If there is source and the eventual project is within viable limits then it stands a chance of going quite quickly.
If there is source and the eventual project is on the edge of what is technically feasible it may take a bit longer.
There is also the mid range thing of the original game is a bit outdated so how much you bring it into line with modern standards, or at least newer standards (the old consoles have some nice strategy games, few very old consoles have mice or touchscreen input and it would be rather poor to not have that, though at the same time many games were adapted to work with lesser control schemes, or may indeed revolve around them -- see something like the original arcade rampart).
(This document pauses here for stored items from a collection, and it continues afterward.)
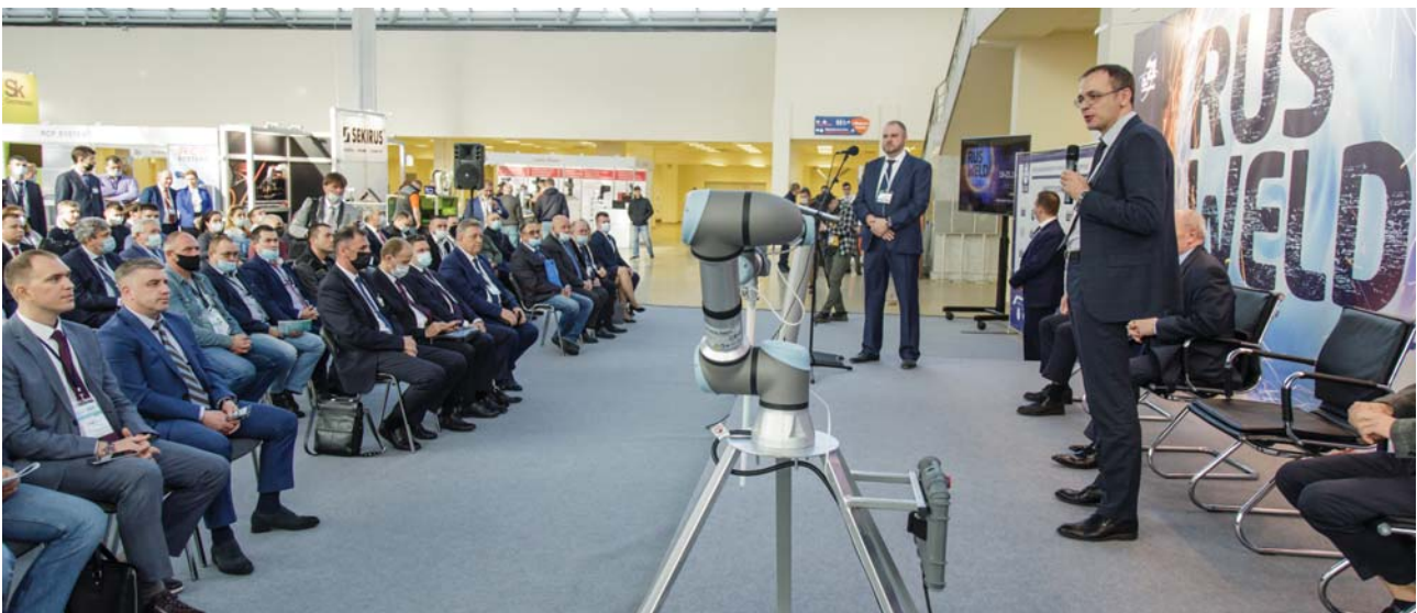
Рис. 4. Открытие финального этапа конкурса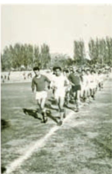
دیدار تیم‌های منتخب مدارس و باشگاه‌های مشهد در زمین شماره یک / ۱۳۴۶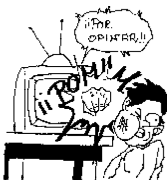
47. Derecho a interrelacionarse con la tele.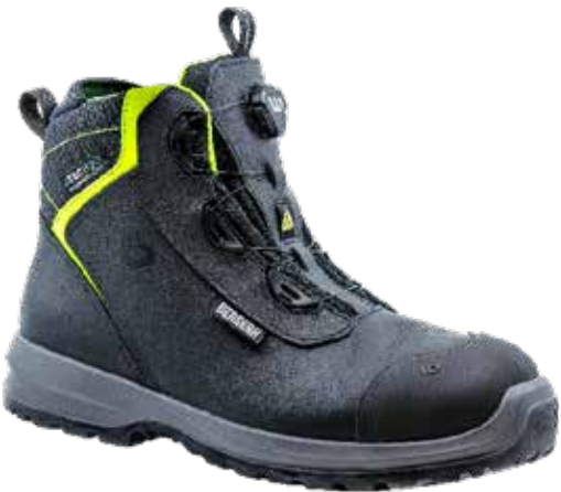
SKOLETT WENAAS BERSERK LOKE EH 0-1240-0-10

Elisolerande, vattentät och andningsaktiv skolett med överdel av hög-kvalitativt fullnarvsläder och A-Top snörningssystem. Mycket bekväm stövel med lätt, mjuk yttersula i gummi/PU samt utmärkta halkskyddande och stötdämpande egenskaper.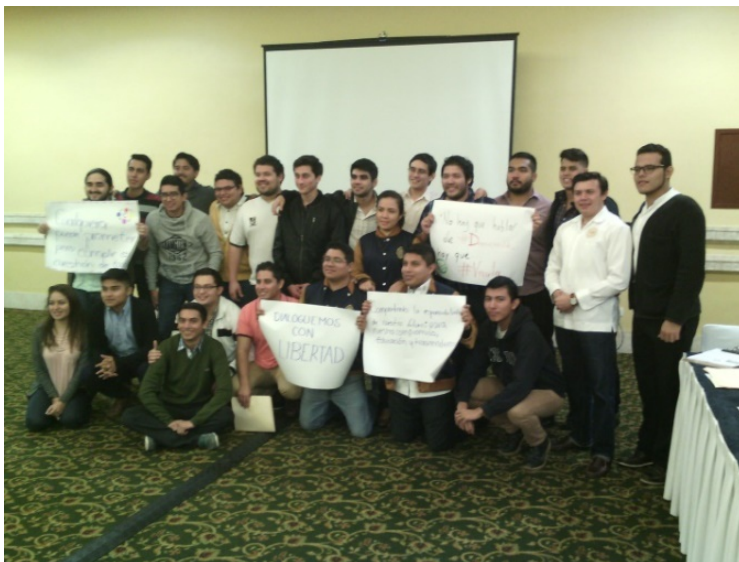
Figura 5. Los participantes del taller aprendieron mediante diversas estrategias y técnicas que incluyeron ejercicios prácticos, exposiciones interactivas y trabajo en equipo.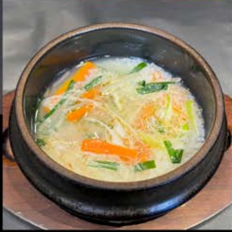
クッパ 480円 (税込 525円)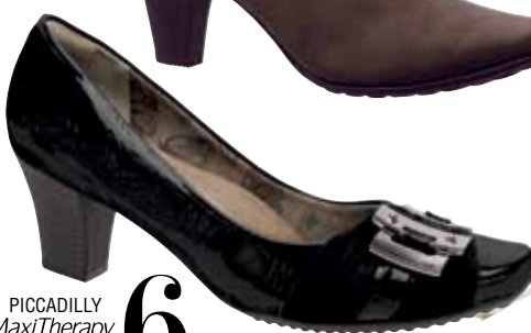
PICCADILLY MaxiTherapy 149013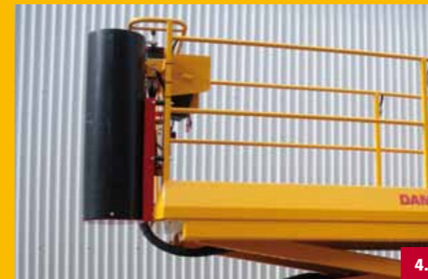
Tonkinstokhouder | Bamboo cane cask Bambus Behälter | Etuil pour tuteur de bambous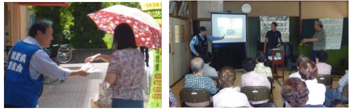
左/アル・プラザ栗東、右/栗東市上砥山三和サロン

6月17日、年金の支給日に伴い、JR草津駅東口2階広場、西友南草津店前、アル・プラザ栗東前にて、草津警察署と警友会草津支部、セキスイハイム近畿社員、草津市、栗東市が合同で特殊詐欺被害防止の啓発を実施しました。7月10日には、栗東市川辺の川辺住宅ふれあいサロンにて栗東市まちづくり出前トークを実施、13日には、栗東市上砥山の三和サロンで草津警察署レイクサイドプロジェクトチームによる寸劇で、それぞれ特殊詐欺被害防止等について学びました。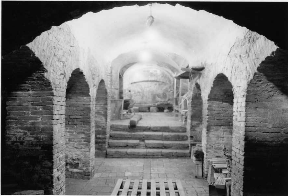
PIANO ANIMA VEDUTA D'INSIEME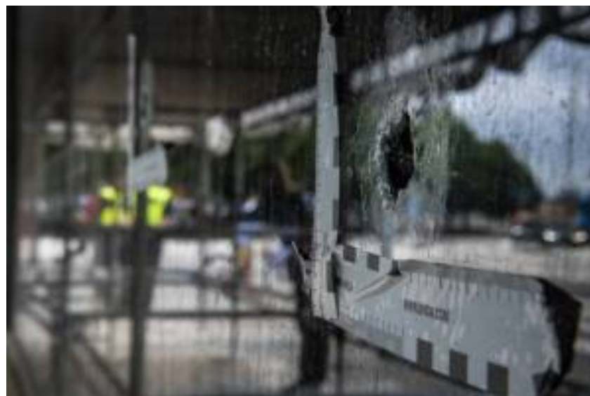
De banderelaterede skyderier har blandt andet fundet sted i Malmø.

De sidste fire år har der været omkring 1.200 https://polisen.se/om-polisen/polisens-arbete/sprangningar-och-skjutningar/ skudepisoder og omkring 150 skuddrab.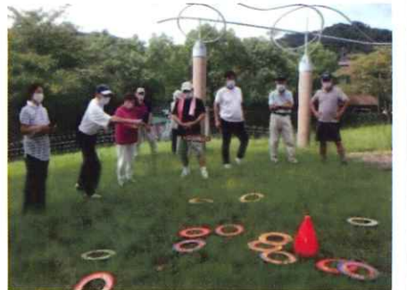
スカイクロス (ふれあい公園) 第1・第4水曜日 (10:00~)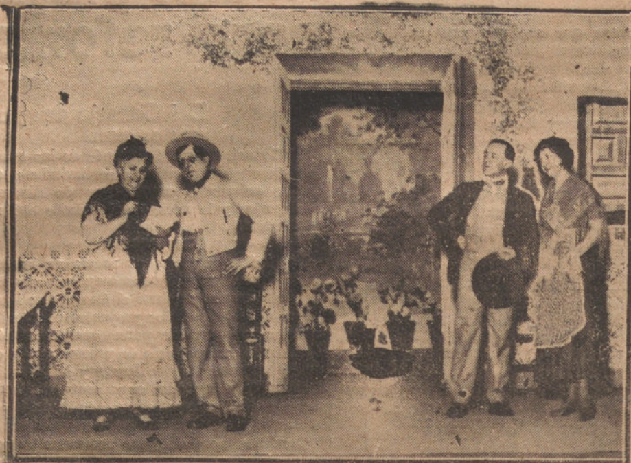
UNA ESCENA DEL ENTREMÉS «TE TENGO COMPARAITA...» ESTRENADO AYER EN EL TEATRO ESPAÑOL

Ultimamente se repuso «El estigma», el famoso drama de Echegaray, y en el se ha revelado como actriz de positivo talen-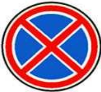
3.27 Остановка запрещена

Заполните таблицу «Ограничения при остановке и стоянке транспортных средств»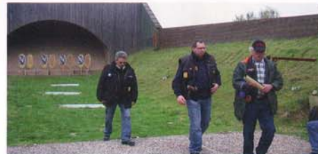
Alles unter Kontrolle: die Aufsichten in Hameln-Holtensen.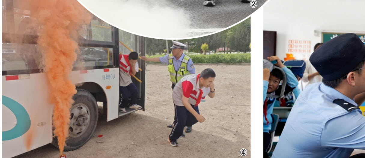
图③ 5月12日,上海市公安局崇明分局新村派出所民警联合辖区卫生院,在新村小学开展防灾减灾应急演练,图为民警组织学生进行自救互救知识。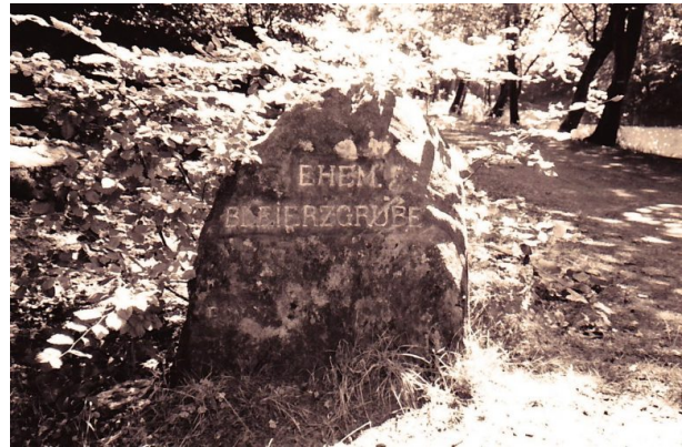
„Ehem. Bleierzgrube“ (Ritterstein Nr. 29) (Erhard Rohe, 1993)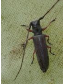
キクスイモドキカミキリ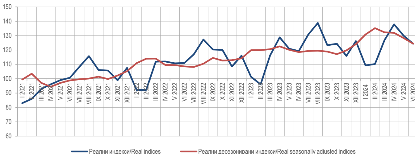
Графикон 1. Серија реалних неприлагођених и реалних десезонираних индекса, 2021=100 Graph 1. Series of real non-adjusted and real seasonally adjusted indices, 2021=100

Turnover refers to the value of goods sold and services performed during the reference month. Turnover does not include value added tax (VAT).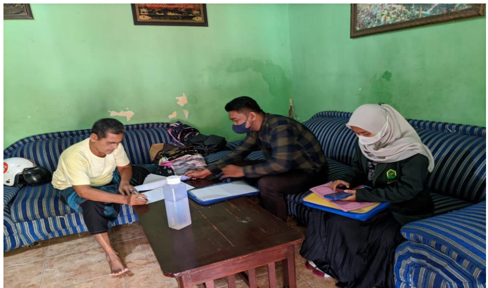
Gambar 1.3 Wawancara dengan pihak Anggota BMT Bahtera Pekalongan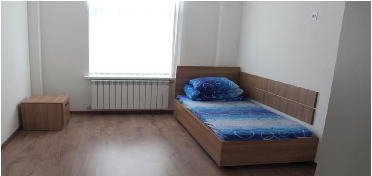
Foto_OAP_PTF Palanca_spațiu solicitanti de azil_24.06.2020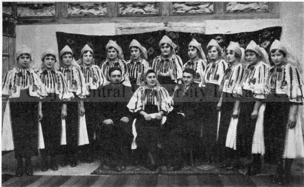
Școala țărănească din Tilișca (jud. Sibiu).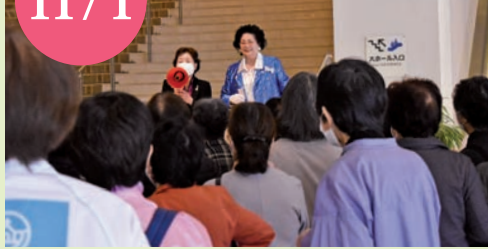
▲朝早くから集まったスタッフたちは、長崎県西山会長の指示のもと、てきばきと手際よく受付の準備を進めました。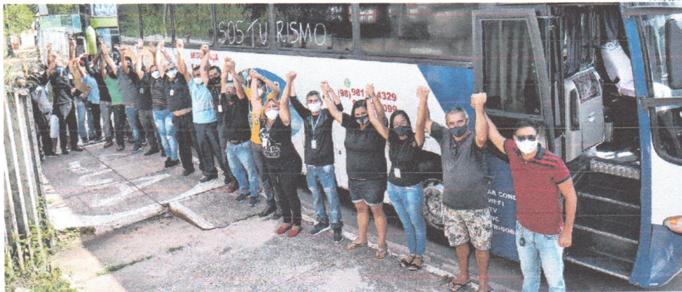
Agentes de viagens, guias, motoristas e representantes de agências de turismo se concentraram ontem pela manhã no Tirirical, de onde saíram para um buzinaço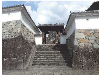
内松陰門（二の丸地区）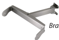
Bras de prolongateur simple

Homologué pour des écrans allant jusqu'à 45 kg !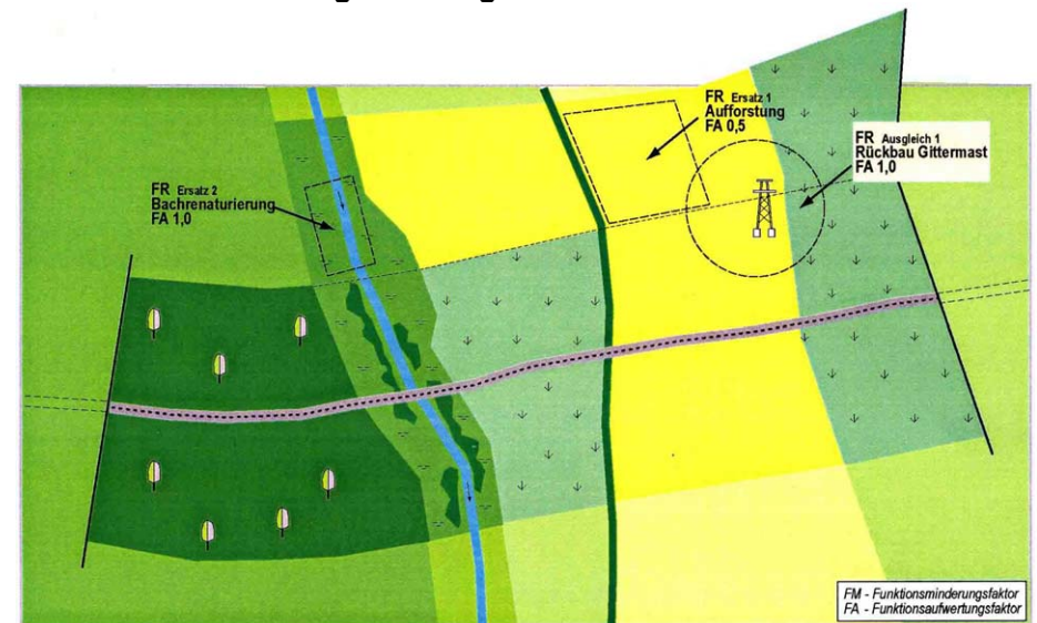
Abb. 7: Funktionsbezogener Ausgleich und Ersatz

Die durch Ersatz erzielten Wertsteigerungen sind im vorliegenden Fallbeispiel geringer als die verursachten Funktionsminderungen, wodurch sich ein Funktionsersatzdefizit von -2,83 WE ergibt. (vgl. F II, Spalte 26).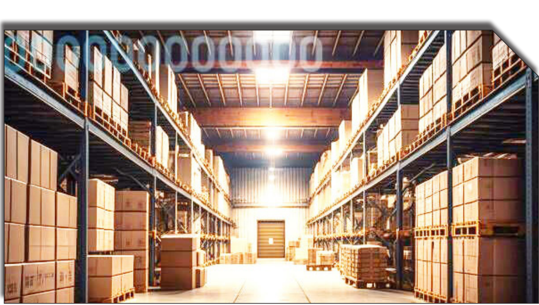
دراست، روزنامه بخت‌دل: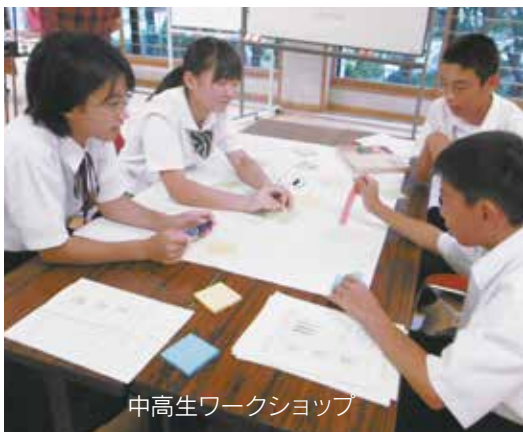
中高生ワークショップ

ワークショップなどの開催により市民ニーズの聴取やさまざまな団体から要望をいただきました。これらのニーズや将来的な財政状況、既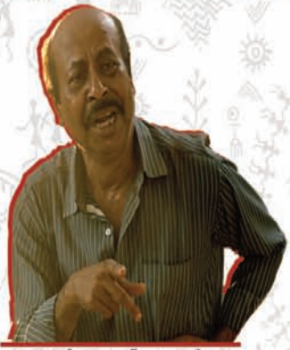
भारतीय जनता पार्टी, झारखण्ड प्रदेश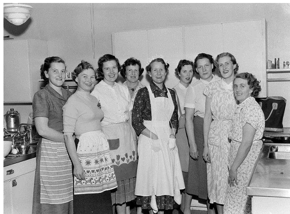
Örnsköldsviks husmodersförening genomför fiskkurs på Folkskolan 1954.

munarkivet, Läns museet Murberget och Landstinget. Till Arkivens dag i Härnösand kom 123 besökare.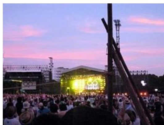
ap bank fes '10 の様子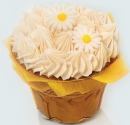
MUFFIN QUE SORPRENDEN

SORPRENDAMOS CON CREATIVIDAD, SABOR Y DULZURA.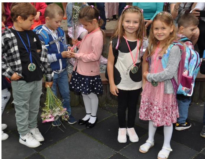
Je 1. září 2022 – noví žáčci 1. ročníku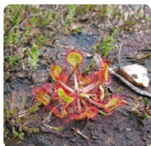
La Rossolis à feuilles rondes

Depuis 20 ans, de nombreux suivis et études ont été réalisés. Voici quelques exemples de l'évolution des effectifs d'espèces suite aux travaux menés :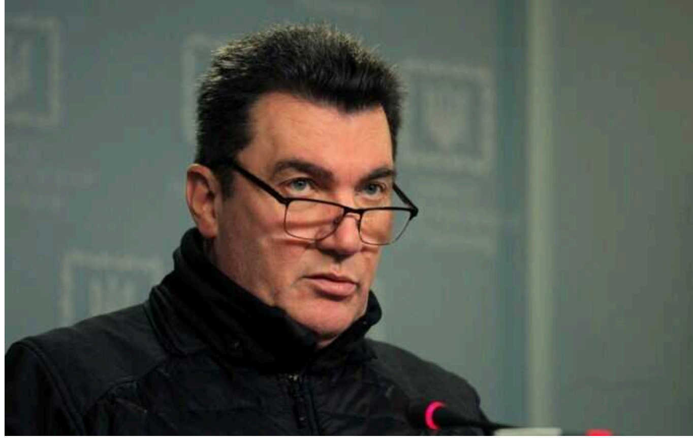
Данілов пояснив, чому РФ отримує зброю швидше за Україну: "Немає жодних процедур"

За словами секретаря РНБО, авторитарні лідери за короткий проміжок часу можуть ухвалювати будь-які рішення.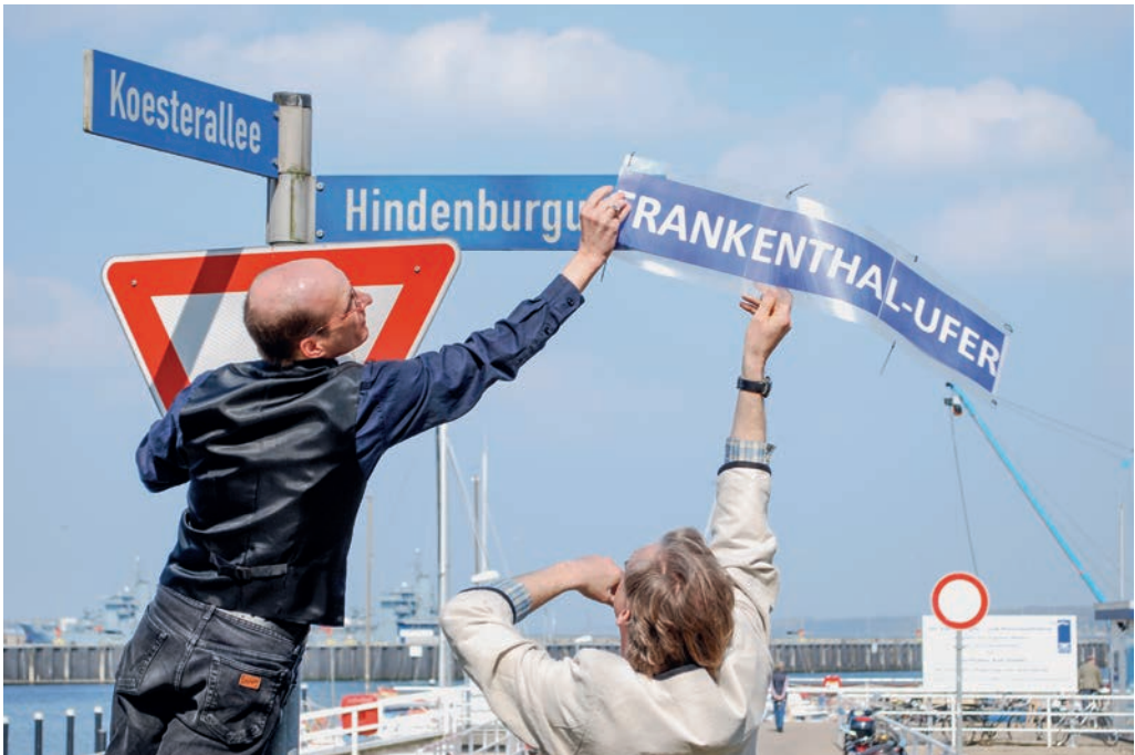
Symbolische Umbenennung des Kieler Hindenburgufers durch den Akens am 18. April 2010.

Bezogen auf die ostpreußische Autorin Agnes Miegel scheint die Antwort der Geschichtswissenschaft recht klar: Miegel war nicht nur Mitläuferin, sondern überzeugte und agierende Nationalsozialistin, die nach 1945 keinerlei Reflexion, Einsicht oder Läuterung zeigte. Deshalb plädieren Steffen Stadthaus 22 und Thorsten Harbeke 23 ausdrücklich für Namenskorrekturen.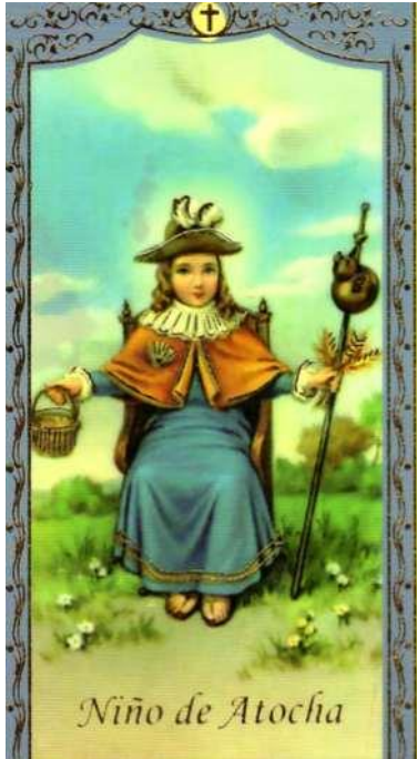
Niño Dios de Atocha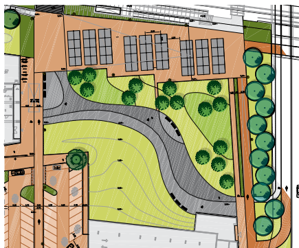
2007 Stationsplein Pijnacker Copijn tuin- en landschapsarchitecten Utrecht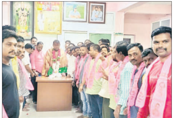
బాన్సువాడలో స్పీకర్ పోచారానికి ఏకగ్రీవ తీర్మాన పత్రాన్ని అందజేస్తున్న దుర్గి గ్రామానికి చెందిన పద్మశాలి సంఘం సభ్యులు

స్పీకర్ కు ఏకగ్రీవ తీర్మాన పత్రం అందజేసిన బాన్సువాడ స్వర్ణకారుల సంఘం సభ్యులు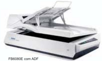
FB6080E com ADF

PaperPort é a maneira mais fácil de transformar pilhas de papel e fotos em arquivos organizados que você pode encontrar rapidamente, usar e compartilhar. Pare de perder tempo à procura de documentos. Fim da frustração de organizar, editar e partilhar as suas fotografias digitais. PaperPort torna mais simples para conectar o scanner e computador. Ele é a solução perfeita para sua casa ou pequeno escritório.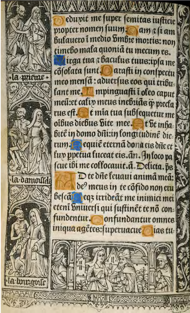
Fig. 1. Horae à l'usage d'Autun (Paris : pour Simon Vostre, v. 1507) [Montréal, Université McGill, Livres rares et collections spécialisées, cote Cuca R 66 H 1507, bordures de la Danse des Morts , fol. p6v°].

If there is no source the the game will have to be reverse engineered first. This can take a very long time depending upon the approach used, age and origin of the game, and how many resources you care to reuse from the base game (all those things on sites like
https://osgameclones.com/ where you have to provide the original games? There is a reason). Most fan games like this are not going to be open source from what I have seen.
In this case you also have the fan game problem -- companies are duty bound to smack down fan games when they become if not aware of them but they pass some terribly nebulous point where you can be said to have ignored them (and thus your trademark). I don't know how a lot of these PC games are still around but porting it to the Switch is all but inviting Nintendo's lawyers to get involved. This is such a problem that many capable coders and artists and whatever else will refuse to work on fan games in favour of original works, to say nothing of making your own original stuff being more fun anyway (if you are the kind of person that can be useful to a porting effort like this you probably have a thousand ideas of your own). I certainly encourage this mindset in people I might be teaching about ROM hacking and such. I typically view them as inherently worthless, never to get a community surrounding them, and at best can hope to shine very brightly before being smacked down into obscurity. Compare it to an out and out original effort like dwarf fortress.
Emulation, simulation and wrappers is another thing entirely (though wrappers also feeds on from the "provide the original game" thing above). I can't be bothered to look at that game but while it might take years to port say a GB era game (sticking with pokemon the disassembly work for it is fairly complete but still ongoing, and it has a lot of dedicated people working on it, it is also one of the very few games to ever have got that treatment) I can knock out an emulator in fairly short order (the bigger the power difference between the original and the easier it gets). For a modern PC game then that is a different matter. For a browser based thing then yeah.